I found the presentation in my mailbox the very next day. To be honest, I thought it was a well made document and the presenters had judiciously tried to decant a wide range of perspectives that criticized evolution, though I found the title "Darwinism refuted" slightly pompous. To begin with, the word 'Darwinism' is used in a pejorative sense to refer to much of the assumed social and metaphysical consequences of Darwin's theory of evolution, not all of which are justified and many of which are merely superfluous extrapolations (Ex. The principle of the survival of the fittest directs men to be immoral and selfish to thrive in this world). But nonetheless from transitivity, the opponents of Darwinism, the so called 'Creationists' or 'Intelligent Design theorists' have to end up opposing biological Darwinism (evolution of an organism through natural selection as the primary mechanism) which has been supported by a myriad experiments and observational evidence. At the end of the day, the makers of the presentation were only undergraduate students such as myself and had only used the jargons they found in the so-called 'dissent from Darwinism' literature. I have been wanting to read about the intelligent design theory in some detail to better understand its paradigms but was not able to do it primarily because it derives inspiration from Christian propaganda and hence is something I don't want to waste my time on. In other words, I am willing to concede a finite probability that they may be true but with my current sense of the real world, I wouldn't waste my time on a thousand page antiquated Hindu treatise which explains a model of the universe where an eclipse is the result of a demon swallowing the sun until the crusaders fight him out and pull it out of his bowels. Another slightly impertinent reason I wouldn't bother about it is that my life doesn't not depend upon the absolute veracity of either this model or that one.

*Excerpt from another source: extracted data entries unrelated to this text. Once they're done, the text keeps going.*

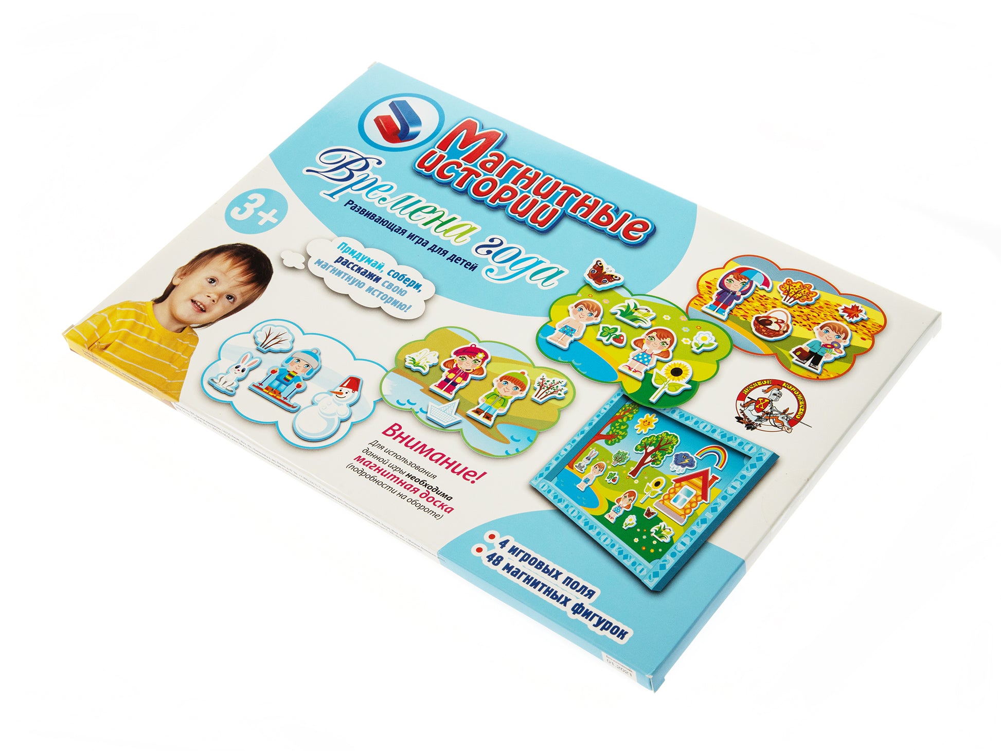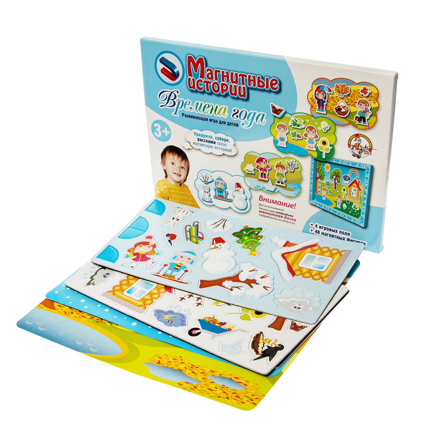 Обучающая развивающая игра, предназначенная для детей старше 3 лет. Дополнительный набор отличается от основного, артикул 01542, отсутствием магнитной доски. Если у вас уже имеется любая игра из серий «Магнитные истории» или «Пифагорики», планшет от нее подойдет к этому дополнительному набору и даст возможность сэкономить на покупке. Если же вы покупаете наши обучающие наборы впервые, предпочтительнее приобрести полноценную игру арт.01542 с магнитной доской.«Времена года» - познавательная для Вашего ребенка игра, позволяющая познакомиться с временами года, научиться понимать, чем зима, весна, лето и осень отличаются друг от друга.Выберите игровое поле, закрепите его на доске с помощью магнитных уголков и помогите ребенку подобрать, соответствующие выбранному полю фигурки. Магнитная основа поля позволяет фигуркам хорошо держаться на нем.Предлагается два варианта игры:1. Ребенок расставляет фигурки в соответствии с временем года.2. Взрослый создает намеренно неправильную «историю» и просит малыша найти ошибку.Надеемся, что наши игры помогут вашему ребенку в познании окружающего нас многогранного и разнообразного мира.Если Вы решили купить развивающую игру «Магнитные истории» в нашем интернет-магазине Десятое королевство, то можете рассчитывать получить гарантированную скидку.
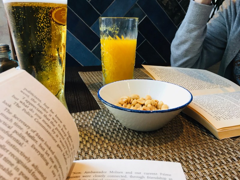 Drinks in our hotel’s beautiful bar. The missus, a draught beer, a Joe Nesbo and some peanuts. Perfect.
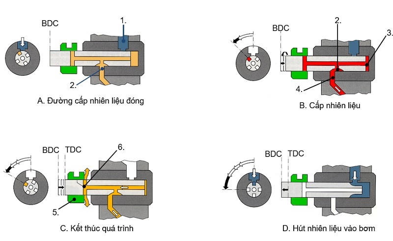 Nhiên liệu được bơm từ bơm cao áp để cấp cho các vòi phun được hoạt động gồm nhiều giai đoạn khác nhau. Mỗi chu kỳ hoạt động của piston (chuyển động qua lại một lần) sẽ cung cấp nhiên liệu cho một xi lanh. Với động cơ 4 kỳ, 4 xi lanh, piston chuyển động từ BDC đến TDC và ngược lại đồng thời quay một góc 900 sẽ kết thúc một chu kỳ cấp nhiên liệu cho 1 xi lanh.
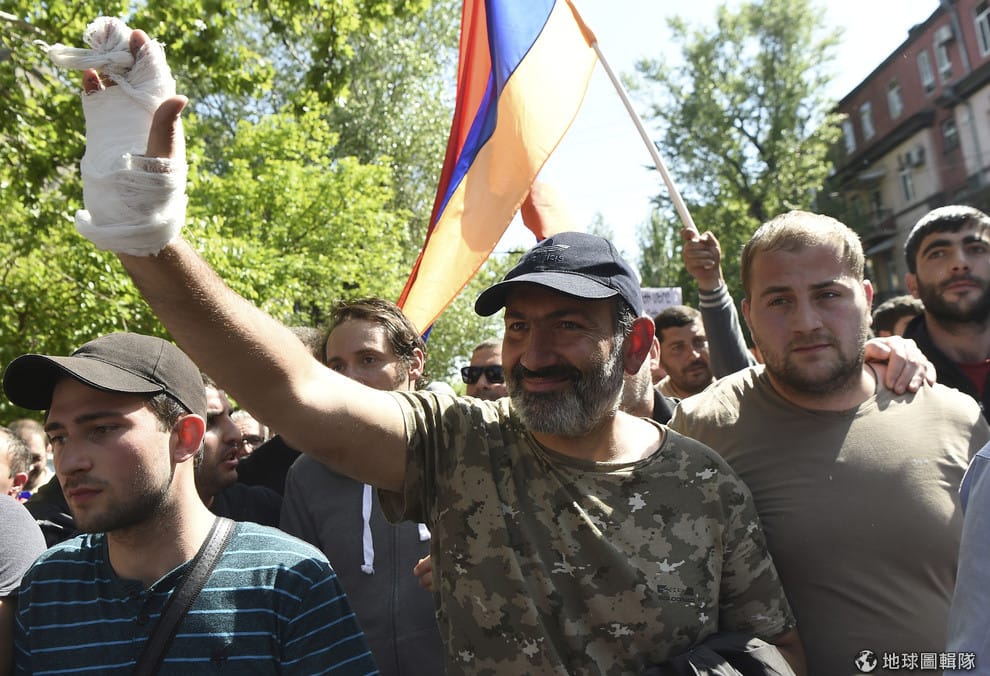 圖為 19號,在首都葉里溫也有不少民眾走上街頭,抗議薩奇席恩卸除總統一職後,又在議會當選總理。左下方身穿短袖迷彩裝、手舉擴音機的就是示威活動召集人帕辛涅。

So I was pretty excited to know that the inaugural lecture in Techfest 2008, IITB's annual technology fete was going to be delivered by Prof. Henry Schaefer, the Graham Perdue Professor of Chemistry and Director of the Center for Computational Chemistry at the University of Georgia. Prof. Schaefer is a world renowned chemist and supposedly the sixth most cited chemist from 1981 to 1997, as his wikipedia page puts it. Further, he is a supporter of the intelligent design theory and one of the few distinguished scientists in the band. It turns out that there is a growing band of people who oppose Darwinism consisting of a few scientists and mostly pseudo-scientists, theologians, philosophers, evangelists and members of the church. From whatever I know, the intelligent design theory is hardly a theory. It is just a throw up of hands when you arrive at an overwhelming predicament while formulating an ambitious scientific theory; a refusal to persevere and probe further, an act of defeat. But because it is not just any theory but Darwin's theory of evolution, the principles of which are directly orthogonal to the model of the universe and life propounded by the New Testament, we have a whole lobby of Christians who call themselves 'Creationists'. I thought it would be a good opportunity to hear an articulation of Creationism from an eminent scientist; the following was the synopsis of his talk:

The evolution of universe, its content have always been debatable even after stephen hawking discussed them in "A Brief History of Time" , still the subject of cosmology; more generally, poses many questions about the interface between science and theism, and some of these will be explored in the much awaited lecture. Discussing god's contribution in the making of universe while answering and commenting on the some of the never answered questions like extent and content dimensons of the universe; its beginning, its creation, its irreversibilty ,its eternity, what governs laws and constant of physics. Mr Schaeffer gives his stand on these debatable topics. Hear the nobel nominee himself answer and comment some of the untouched aspects of the mighty universe @ Techfest 2008.
Much to my disappointment, the talk turned out to be a bummer. It turned out nothing like what one would anticipate by reading the synopsis. The problem that I have always had with the Christian propagandist manner of promoting intelligent design is the absence of a coherent line of reasoning and a diffidence to acknowledge the same. For instance, a true scientist would defend a scientific theory in the following manner- be it General Relativity, Evolution or Quantum Theory:

"This is a theory which is based on a particular premise of assumptions which you may call axioms. They may be self evident truths or otherwise but they contain the essential character of the theory. From these axioms we will go on to construct the consequences of the theory by applying it to natural systems and the theory would be judged at each step on its ability to predict or account for real world phenomena. This process would involve integration of this theory with other well known theories which on the other hand would have evolved from a different set of axioms. If at any point, there arises an inconsistency in theory and observation, one would first try to eliminate extraneous possibilities that could have been responsible. Still, if all evidence points to an inconsistency in the theory itself then it is a moral imperative on the scientific community to re-examine the premise"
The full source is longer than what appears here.